Василий Савельевич так громко хохотал, что зверек перепугался еще больше и сиганул на горку, стоящую в углу, разбив пресловутую дареную вазу.
Аннушка взялась было за веник, чтобы прогнать незваную гостью, но доктор не позволил – к кошкам он питал слабость.
– Но как же она оказалась в саквояже? – озадаченно спросила Геля.
– Видишь ли, кошки тоже питают определенную слабость к врачам. Из-за лекарственного запаха, – объяснил Василий Савельевич. – Они любят не только валерьянку, что общеизвестно, но и другие травки и микстуры. Вот Силы Зла и забрались в мой саквояж. А я так устал, что и не заметил.
– И хоть бы кошка была путная – толстая да ласковая, – посетовала Аннушка, – а то ведь огрызок злобный. Кроме доктора, никого к себе не подпускает, шипит гадюкой, ворует, да кусается еще хуже всякой собаки!
Доктор презрительно хмыкнул, и от этого Аннушка совсем разошлась:
– Что вы хмычете, что вы хмычете, вот ни стыда ни совести! Ведь барышню чуть не угробила ваша гадина, а вам и горя мало!
– Будет тебе, Аннушка, браниться. Так нельзя, – укоризненно прервала девушку Аглая Тихоновна, – то, что произошло с Полей, – несчастливая случайность, и винить в этом бедную бессловесную тварь – глупо и жестоко.
Глава 7
Кошка, будто обидевшись, вырвалась из рук Василия Савельевича и скрылась. Доктор хмурился. Аннушка сердилась. Аглая Тихоновна была явно огорчена. А Геля – Геля изнывала от любопытства.
Так это, значит, из-за кошки с Полей случилось несчастье? Умереть-уснуть, как интересно!
Но вечер вопросов и ответов, похоже, закончился.
Спохватившись, что время за полночь, Василий Савельевич отослал Полю, то есть Гелю – ах, неважно! – спать.
Но секретный агент Фандорина твердо решила разузнать все до конца (иначе ведь все равно не уснуть). Дождавшись, когда Аннушка принесет обязательный стакан молока на ночь, схватила ее за руку:
– Аннушка, миленькая, хорошенькая, расскажи мне про тот день. Как я упала? И при чем тут кошка? И что…
– Ну, застрекотала! – Аннушка улыбнулась. – Сорока как есть, сорока-трещотка, – но тут же прошептала, опасливо оглянувшись на дверь: – Неужто и впрямь ничего не помните?
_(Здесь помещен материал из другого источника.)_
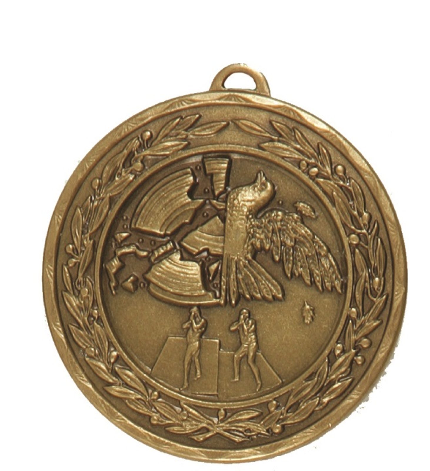A high quality embossed bronze metal clay pigeon shooting medal displaying a shot clay pigeon and riflemen within a laurel design. The diameter is 50mm and the thickness is 3mm giving the medal a heavy feel. This medal can be engraved on the reverse and comes complete with a loop to accomadate a ribbon.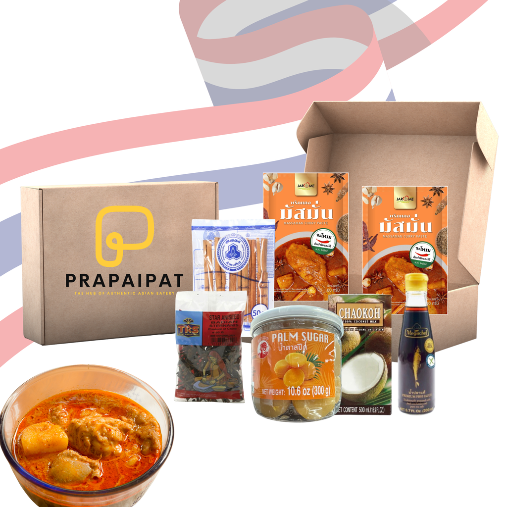 Erleben Sie die Aromen der thailändischen Küche mit unserem Massaman Curry Starter-Set! Dieses Set enthält alles, was Sie für ein köstliches Curry benötigen – von cremiger Kokosmilch bis zu aromatischen Gewürzen.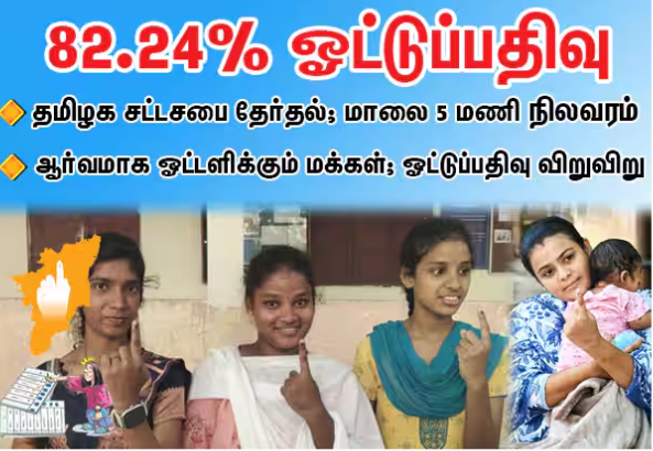 தமிழக சட்டசபை தேர்தல்: மாலை 5 மணி நிலவரப்படி 82.24% வாக்குப்பதிவு.. மக்கள் உற்சாகம்!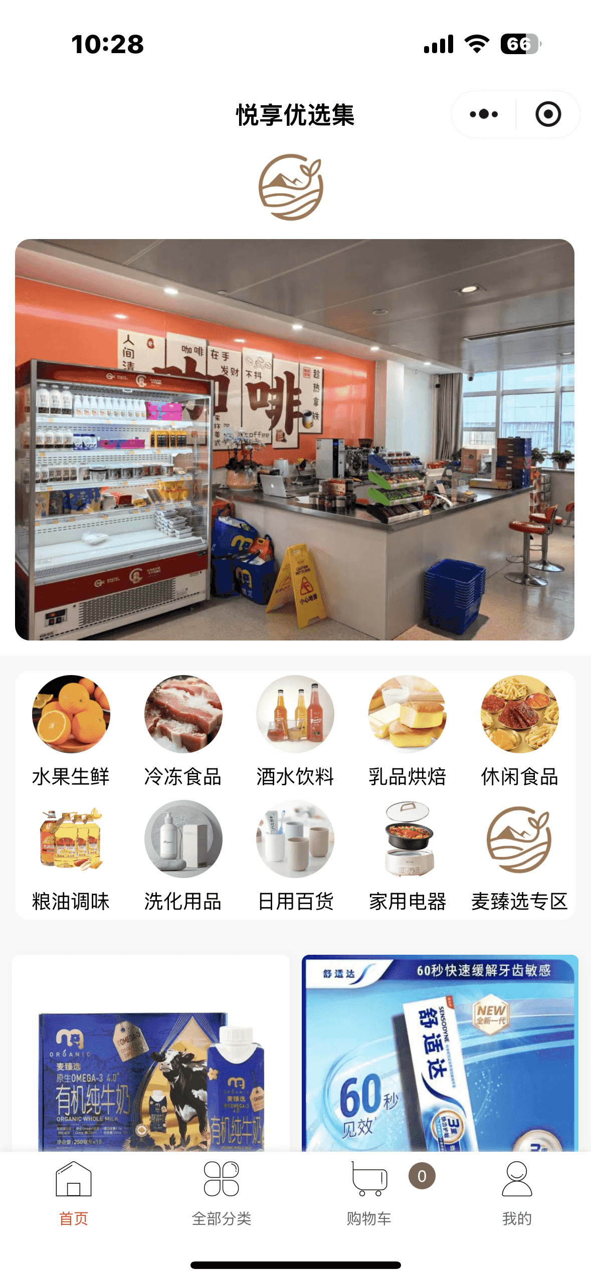 用户早上通过小程序“早餐专区”快速选购面包+牛奶,选择“到店自提”,到店扫码取餐,节省排队时间。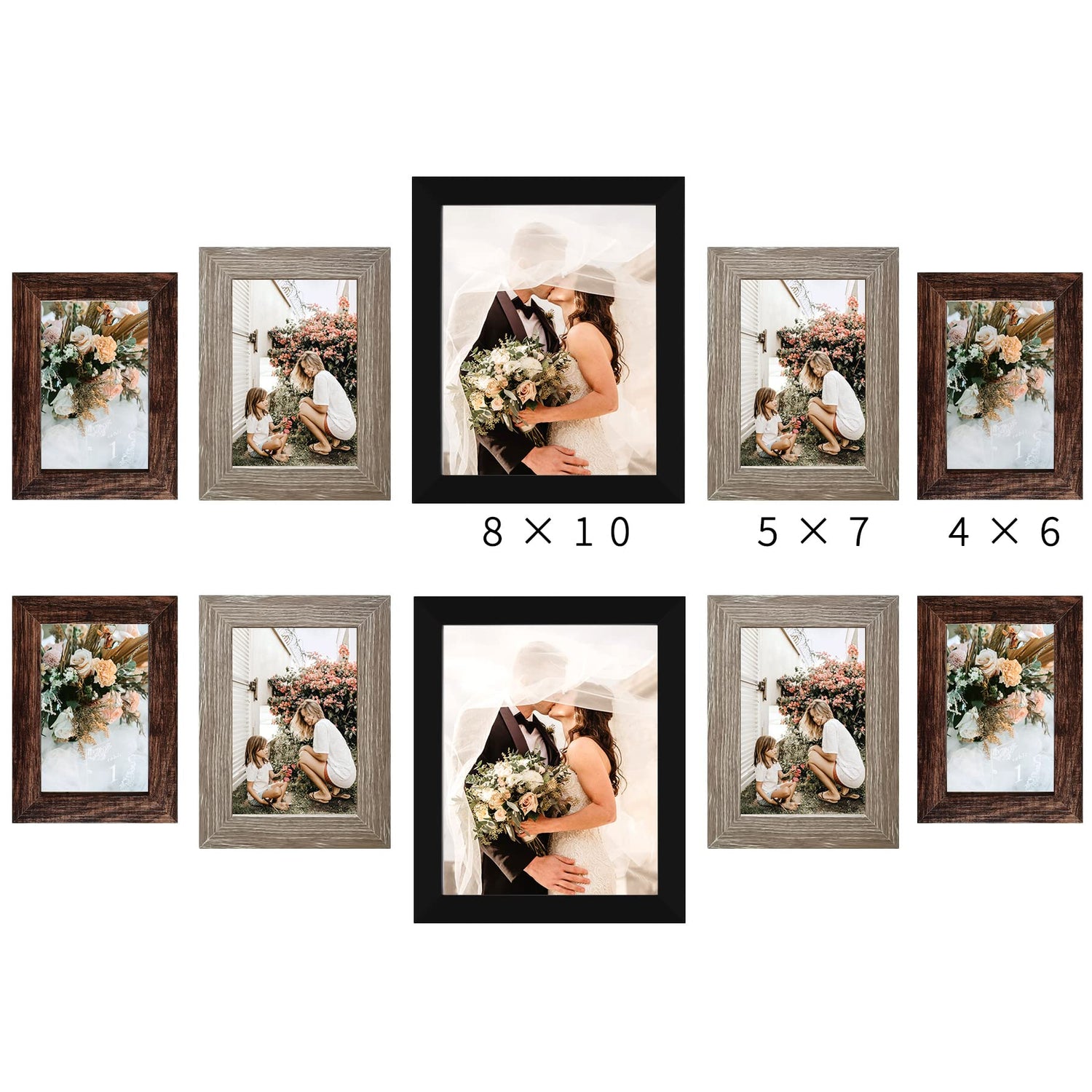 - Multi-size: 10pcs picture frames set come with TWO black frames 8x10in, FOUR gray frames 5x7in and FOUR wood grain brown frames 4x6in. Just remember to peel off the protective film on both sides of the plexiglass.

– Ни вот столечко! – уверила ее девочка.
– Да и стоит ли рассказывать? Вдруг разволнуетесь, да худо вам станет, да снова головка заболит? – словно бы сомневалась Аннушка, но сама уже присела на край кровати, и Геля поняла – расскажет, непременно расскажет! Чтобы окончательно рассеять ее сомнения, сказала, напустив на себя важный вид:
– Разве ты не помнишь, что говорил папа? Нужно мне все рассказывать, и тогда память непременно вернется. Не-пре-мен-но!
Аннушка хихикнула:
– Бог с вами. Слушайте. Только рассказывать-то особенно и нечего.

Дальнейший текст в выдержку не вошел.